In Canada, the executor of an estate is responsible for a wide range of tasks related to administering the estate of a deceased individual. Some of the key responsibilities of an executor in Canada include:

  1. Obtaining a copy of the will and death certificate: The executor is responsible for obtaining a copy of the will and death certificate from the deceased's family members, lawyer, or other relevant parties.

  2. Identifying and notifying beneficiaries: The executor is responsible for identifying all beneficiaries of the estate and notifying them of their entitlements.

  3. Obtaining probate: If required by law or the terms of the will, the executor must obtain a grant of probate from the court to confirm their authority to administer the estate.

  4. Collecting and managing assets: The executor is responsible for collecting and managing all assets of the estate, including real estate, bank accounts, investments, and personal property.

  5. Paying debts and taxes: The executor is responsible for paying all debts and taxes owed by the deceased, as well as any expenses related to administering the estate.

  6. Distributing assets: After all debts and taxes have been paid, the executor is responsible for distributing the remaining assets of the estate to the beneficiaries in accordance with the terms of the will.

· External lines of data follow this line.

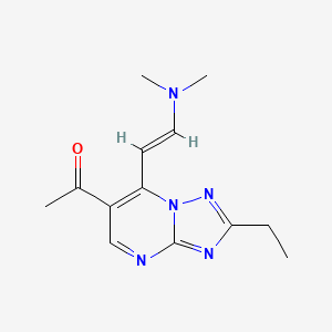 The specific compound 1-{7-[(E)-2-(dimethylamino)vinyl]-2-ethyltriazolo[1,5-a]pyrimidin-6-yl}ethanone represents an advanced example of structural modification within this chemical class. With a molecular formula of C₁₃H₁₇N₅O and a molecular weight of 259.31 g/mol, this compound incorporates multiple functional elements that enhance its pharmacological potential. The presence of the dimethylamino vinyl group introduces both electronic and steric effects that can significantly influence biological activity, while the ethyl substituent and acetyl functionality provide additional sites for molecular recognition.
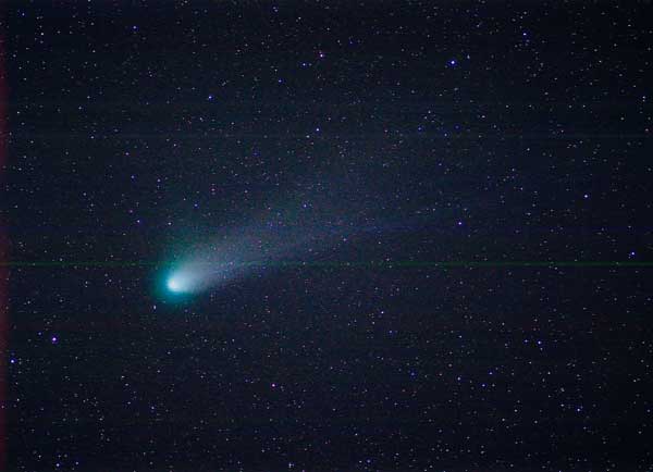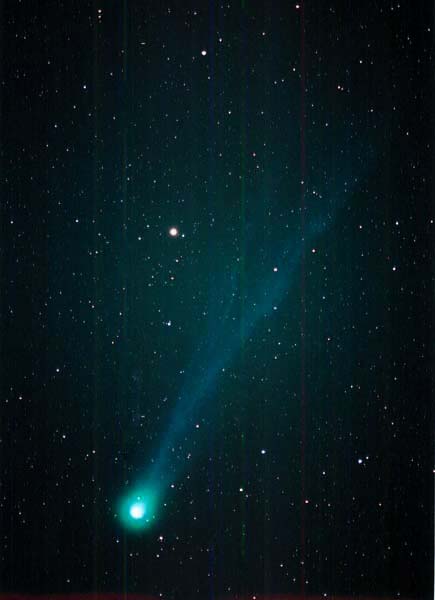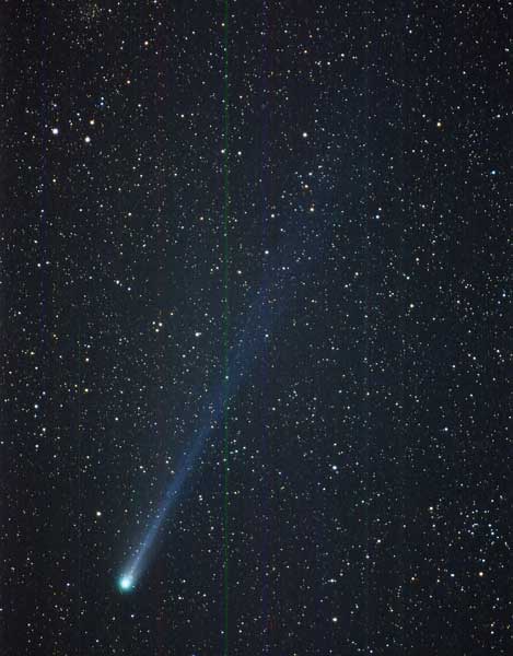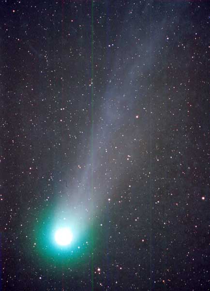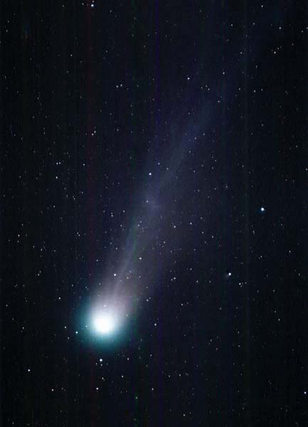 ヘールボップ彗星 長く画面の外まで伸びた青いイオンの尾と、やや幅広く広がった塵の尾。 共に複雑な構造をしているのが判ると思います。 |
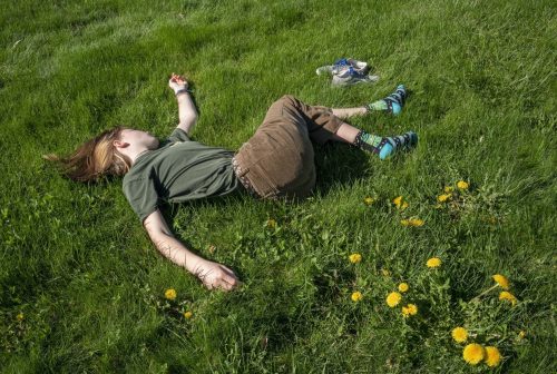 “Elsa in the Grass with Dandelions” shows us the importance of taking time to kick back, relax and take our shoes off even, if (and especially when) we are dealing with challenges.
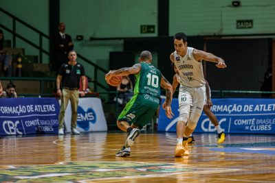 Andrezão, com o 10 na temporada pelo Cerrado Basquete, na marcação de Alex, o responsável por ele trocar para o 23 no Bauru Basket. Foto: Mateus Tourinho
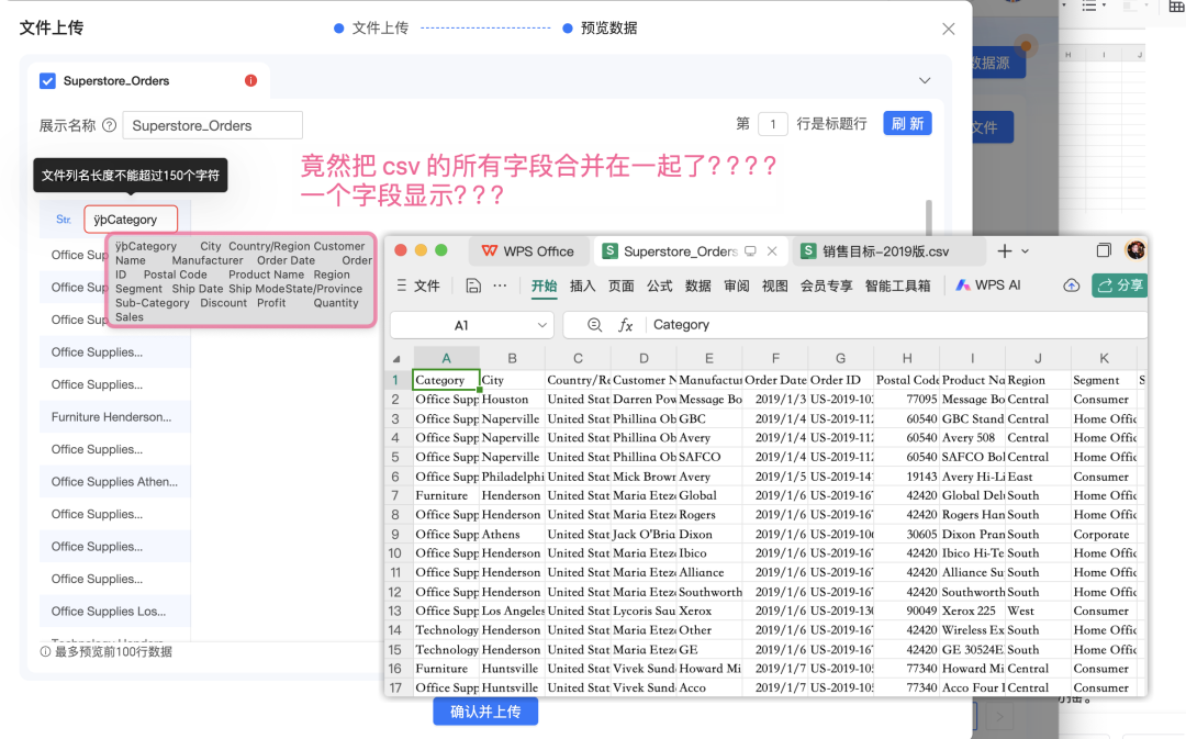 【补充】我后来仔细查看了官方文档,最可能的原因是很多英文CSV 文件默认是 UTF-16格式,而 QuickBI 目前仅仅支持 UTF-8格式!在帮助中给出了介绍,但在上传过程中,遇到问题会缺少必要的引导。
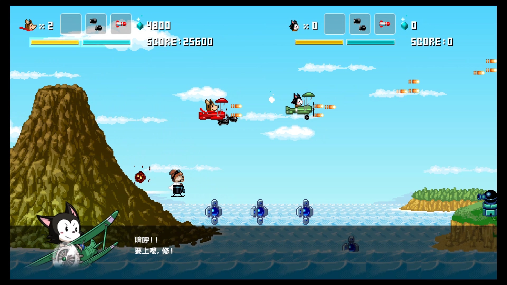 在兼具正統遊戲設計和戰略性的射擊部分中,玩家可以遊玩 8 種以上的關卡並能遇到多種個性十足的角色。飛行員除了可以遊玩一般模式的主角「修」之外,也可以遊玩連初學者都能輕鬆上手的初學者模式「費加洛」。
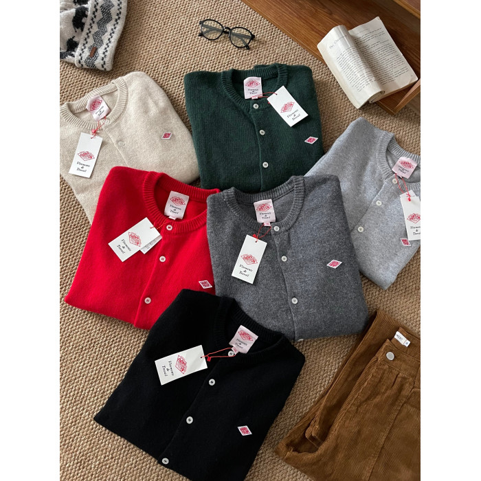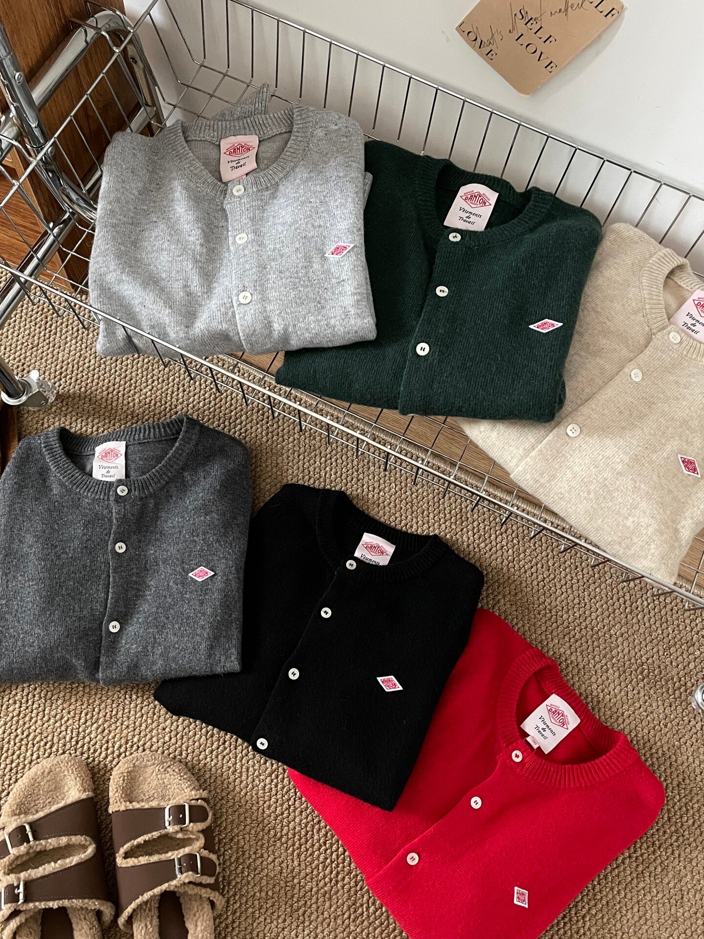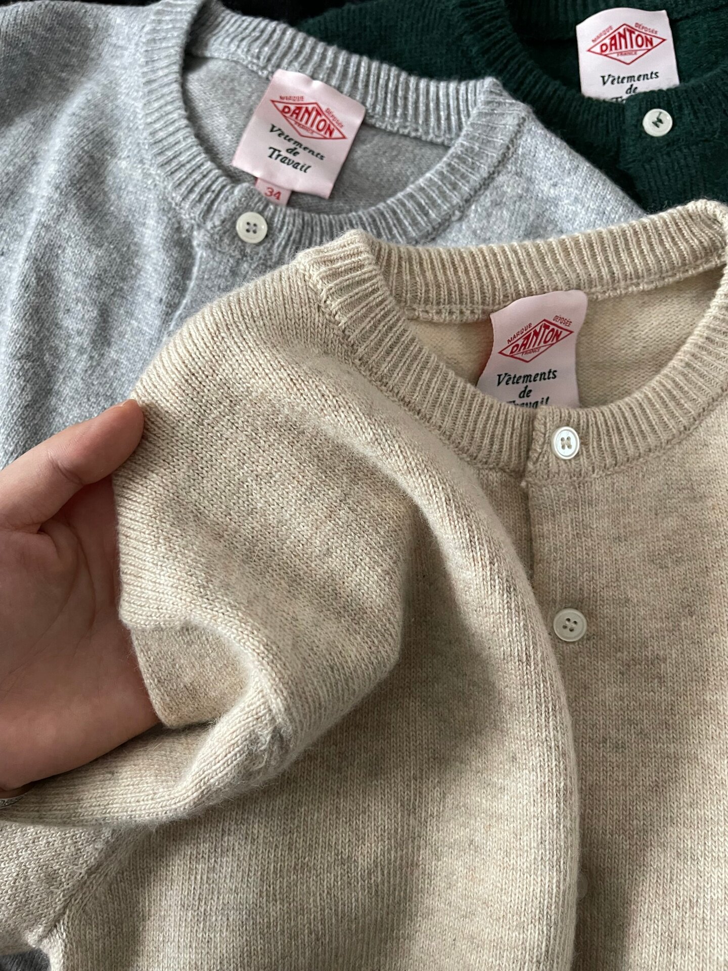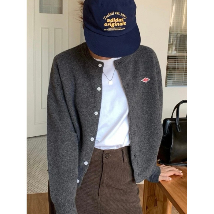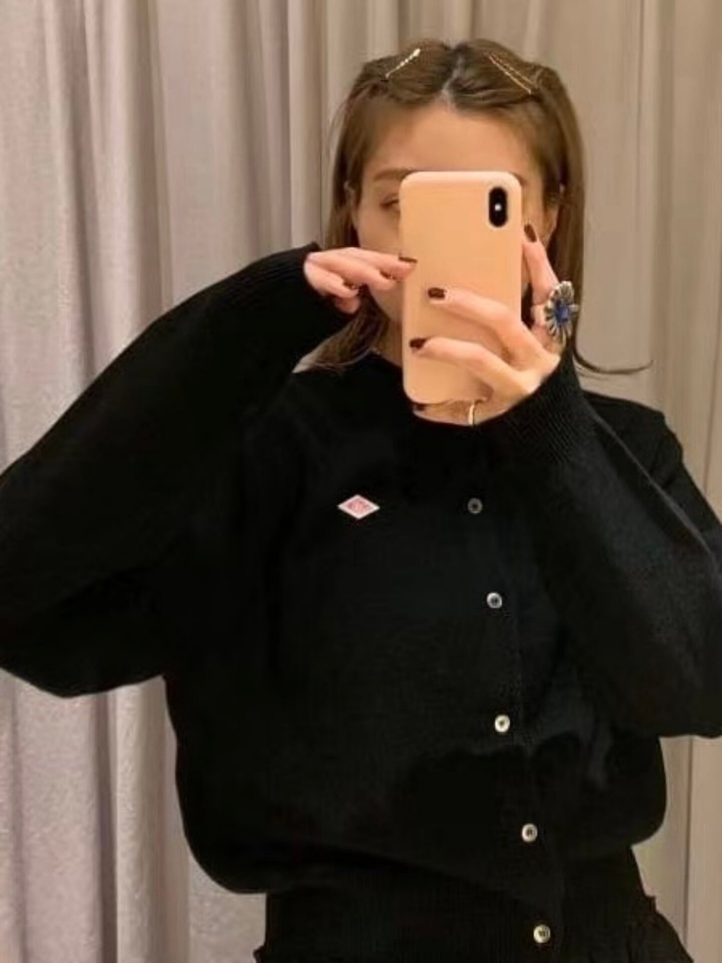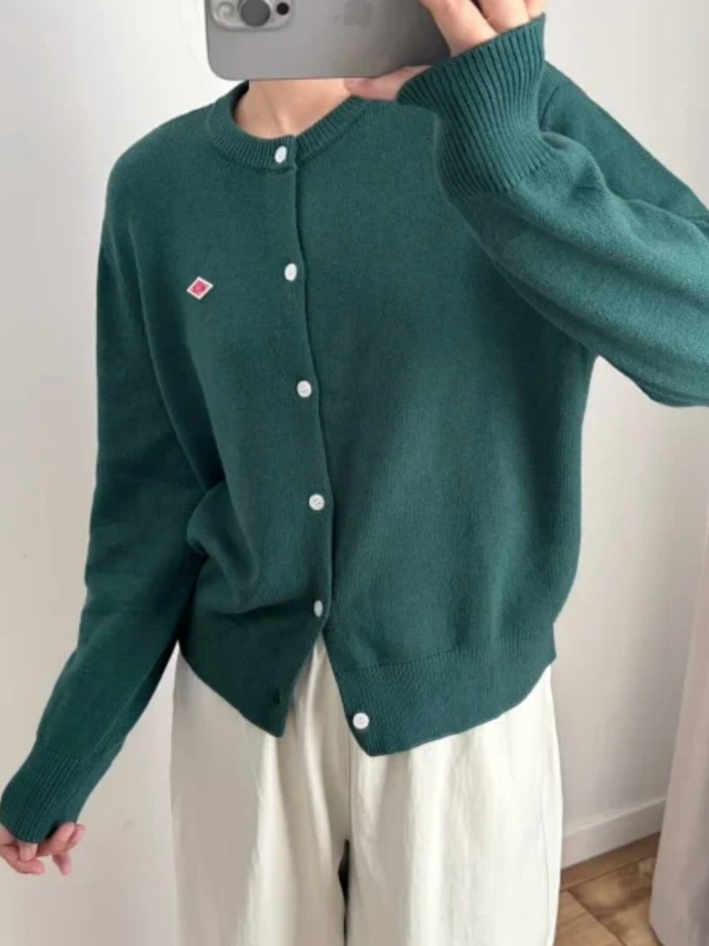 自畱高品質!日單@dant*n 復古布標刺綉軟糯羊毛顯瘦圓領毛衣開衫

  7. Keeping accurate records: Throughout the administration process, the executor must keep accurate records of all transactions and activities related to the estate.


Personal property objects within an estate can include artwork, jewellery, furniture and decor contents, antique silverware, ceramics and bone china sets, Persian and Oriental rugs, crystal wares, coins and stamps and other collectables. A professional and properly researched certified report by a qualified and accredited Personal Property Appraiser is a key component of the process.


It is important to note that the specific responsibilities of an executor may vary depending on the size and complexity of the estate, as well as the terms of the will and any applicable laws. Executors are encouraged to seek the advice of a lawyer or other professional advisor to ensure that they understand and fulfill their obligations properly.